* [WHAT THE TASK REQUIRES] All of the data should be restated word for word, with the pictures omitted.
[Opening DATA SHOWN section]
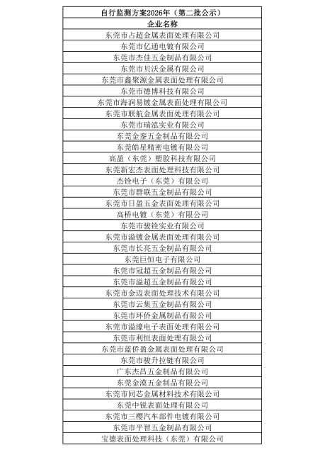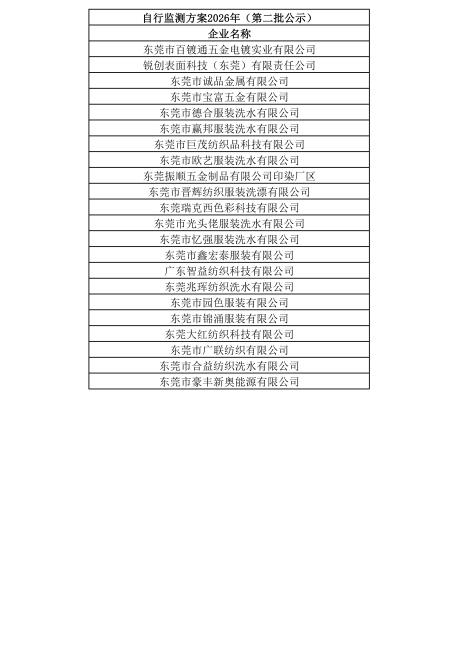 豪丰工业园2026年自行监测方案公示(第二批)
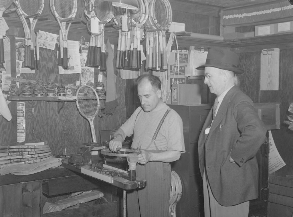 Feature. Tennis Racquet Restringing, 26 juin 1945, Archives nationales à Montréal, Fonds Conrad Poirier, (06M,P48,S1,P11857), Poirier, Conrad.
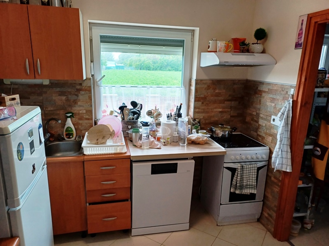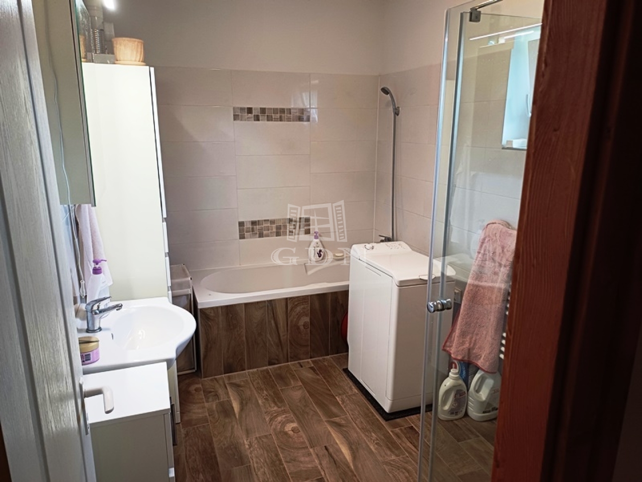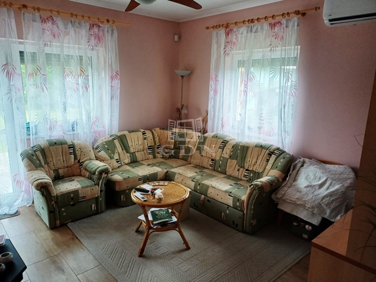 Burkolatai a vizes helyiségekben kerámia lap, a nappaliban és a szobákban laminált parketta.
[Closing DATA SHOWN section]
* [ANSWER SECTION]
 豪丰工业园2026年自行监测方案公示(第二批)
 Feature. Tennis Racquet Restringing, 26 juin 1945, Archives nationales à Montréal, Fonds Conrad Poirier, (06M,P48,S1,P11857), Poirier, Conrad.
 Burkolatai a vizes helyiségekben kerámia lap, a nappaliban és a szobákban laminált parketta.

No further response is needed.